_What you will do:_
Beneath this instruction is a block of data; output from it exactly the lines that run from the one containing "Foram encontrados 15" through the one containing "2 Копейки 1762", inclusive.

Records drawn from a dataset
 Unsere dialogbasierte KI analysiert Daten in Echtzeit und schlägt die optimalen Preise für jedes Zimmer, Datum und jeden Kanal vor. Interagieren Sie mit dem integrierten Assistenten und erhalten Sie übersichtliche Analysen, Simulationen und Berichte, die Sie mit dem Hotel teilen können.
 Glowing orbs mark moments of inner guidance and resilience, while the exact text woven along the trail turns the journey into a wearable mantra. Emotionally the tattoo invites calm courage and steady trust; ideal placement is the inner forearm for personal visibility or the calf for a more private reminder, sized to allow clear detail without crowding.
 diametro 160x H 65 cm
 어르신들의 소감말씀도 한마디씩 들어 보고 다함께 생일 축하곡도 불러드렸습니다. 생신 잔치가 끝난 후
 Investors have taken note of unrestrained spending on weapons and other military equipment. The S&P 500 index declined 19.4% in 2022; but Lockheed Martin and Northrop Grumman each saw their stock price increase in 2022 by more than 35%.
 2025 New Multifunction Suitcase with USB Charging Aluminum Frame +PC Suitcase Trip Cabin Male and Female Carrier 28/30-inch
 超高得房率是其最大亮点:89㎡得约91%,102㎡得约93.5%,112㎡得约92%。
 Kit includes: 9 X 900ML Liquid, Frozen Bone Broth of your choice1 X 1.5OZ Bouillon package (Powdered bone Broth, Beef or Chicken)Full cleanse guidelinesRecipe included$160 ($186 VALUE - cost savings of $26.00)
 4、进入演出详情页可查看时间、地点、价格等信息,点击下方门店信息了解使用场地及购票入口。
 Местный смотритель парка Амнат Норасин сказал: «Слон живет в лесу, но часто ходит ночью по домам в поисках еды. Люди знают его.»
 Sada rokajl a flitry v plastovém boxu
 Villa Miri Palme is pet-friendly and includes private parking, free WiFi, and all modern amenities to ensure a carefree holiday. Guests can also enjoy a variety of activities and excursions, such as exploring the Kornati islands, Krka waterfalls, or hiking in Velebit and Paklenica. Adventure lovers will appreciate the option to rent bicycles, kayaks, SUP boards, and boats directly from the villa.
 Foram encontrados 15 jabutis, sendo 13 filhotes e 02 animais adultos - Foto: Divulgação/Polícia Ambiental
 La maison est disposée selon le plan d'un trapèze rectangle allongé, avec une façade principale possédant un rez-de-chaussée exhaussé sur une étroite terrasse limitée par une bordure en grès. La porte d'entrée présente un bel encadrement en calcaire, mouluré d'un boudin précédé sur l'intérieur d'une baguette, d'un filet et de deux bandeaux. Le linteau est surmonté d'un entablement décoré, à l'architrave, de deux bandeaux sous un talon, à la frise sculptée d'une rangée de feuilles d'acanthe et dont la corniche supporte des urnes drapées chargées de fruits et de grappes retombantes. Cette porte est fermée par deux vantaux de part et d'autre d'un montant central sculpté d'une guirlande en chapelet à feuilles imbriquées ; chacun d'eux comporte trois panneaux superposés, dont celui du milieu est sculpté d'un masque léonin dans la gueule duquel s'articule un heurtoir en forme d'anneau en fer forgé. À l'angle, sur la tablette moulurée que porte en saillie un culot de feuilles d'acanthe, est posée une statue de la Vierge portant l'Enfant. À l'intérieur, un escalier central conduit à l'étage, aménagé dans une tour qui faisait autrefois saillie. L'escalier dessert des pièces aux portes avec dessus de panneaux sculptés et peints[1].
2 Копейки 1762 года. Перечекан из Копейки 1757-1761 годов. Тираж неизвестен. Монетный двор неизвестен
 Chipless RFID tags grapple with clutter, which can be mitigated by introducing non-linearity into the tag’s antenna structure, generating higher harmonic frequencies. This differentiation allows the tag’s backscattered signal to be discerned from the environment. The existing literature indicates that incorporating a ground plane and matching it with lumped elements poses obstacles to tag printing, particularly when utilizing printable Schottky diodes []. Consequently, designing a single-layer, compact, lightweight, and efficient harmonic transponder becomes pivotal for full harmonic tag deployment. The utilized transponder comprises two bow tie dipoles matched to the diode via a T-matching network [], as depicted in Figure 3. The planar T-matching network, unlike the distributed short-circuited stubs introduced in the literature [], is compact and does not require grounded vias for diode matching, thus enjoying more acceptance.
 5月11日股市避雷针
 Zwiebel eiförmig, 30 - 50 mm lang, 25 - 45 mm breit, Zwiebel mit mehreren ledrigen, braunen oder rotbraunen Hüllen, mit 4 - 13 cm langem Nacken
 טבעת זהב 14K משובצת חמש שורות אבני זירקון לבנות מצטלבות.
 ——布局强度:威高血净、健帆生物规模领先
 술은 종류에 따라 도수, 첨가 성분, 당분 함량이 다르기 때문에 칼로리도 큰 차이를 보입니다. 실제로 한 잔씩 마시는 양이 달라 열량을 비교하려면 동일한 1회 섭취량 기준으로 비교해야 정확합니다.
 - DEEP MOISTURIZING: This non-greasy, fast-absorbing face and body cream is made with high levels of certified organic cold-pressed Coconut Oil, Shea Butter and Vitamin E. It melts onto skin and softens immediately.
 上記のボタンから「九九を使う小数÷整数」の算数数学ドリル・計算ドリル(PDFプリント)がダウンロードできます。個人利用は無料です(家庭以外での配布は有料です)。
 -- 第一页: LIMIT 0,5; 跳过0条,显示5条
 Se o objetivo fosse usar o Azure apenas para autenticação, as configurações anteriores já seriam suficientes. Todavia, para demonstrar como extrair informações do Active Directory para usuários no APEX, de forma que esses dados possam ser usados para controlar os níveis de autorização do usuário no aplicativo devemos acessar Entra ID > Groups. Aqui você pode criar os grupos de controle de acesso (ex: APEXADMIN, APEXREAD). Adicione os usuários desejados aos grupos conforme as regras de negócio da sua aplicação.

_Task answer:_
 Foram encontrados 15 jabutis, sendo 13 filhotes e 02 animais adultos - Foto: Divulgação/Polícia Ambiental
 La maison est disposée selon le plan d'un trapèze rectangle allongé, avec une façade principale possédant un rez-de-chaussée exhaussé sur une étroite terrasse limitée par une bordure en grès. La porte d'entrée présente un bel encadrement en calcaire, mouluré d'un boudin précédé sur l'intérieur d'une baguette, d'un filet et de deux bandeaux. Le linteau est surmonté d'un entablement décoré, à l'architrave, de deux bandeaux sous un talon, à la frise sculptée d'une rangée de feuilles d'acanthe et dont la corniche supporte des urnes drapées chargées de fruits et de grappes retombantes. Cette porte est fermée par deux vantaux de part et d'autre d'un montant central sculpté d'une guirlande en chapelet à feuilles imbriquées ; chacun d'eux comporte trois panneaux superposés, dont celui du milieu est sculpté d'un masque léonin dans la gueule duquel s'articule un heurtoir en forme d'anneau en fer forgé. À l'angle, sur la tablette moulurée que porte en saillie un culot de feuilles d'acanthe, est posée une statue de la Vierge portant l'Enfant. À l'intérieur, un escalier central conduit à l'étage, aménagé dans une tour qui faisait autrefois saillie. L'escalier dessert des pièces aux portes avec dessus de panneaux sculptés et peints[1].
2 Копейки 1762 года. Перечекан из Копейки 1757-1761 годов. Тираж неизвестен. Монетный двор неизвестен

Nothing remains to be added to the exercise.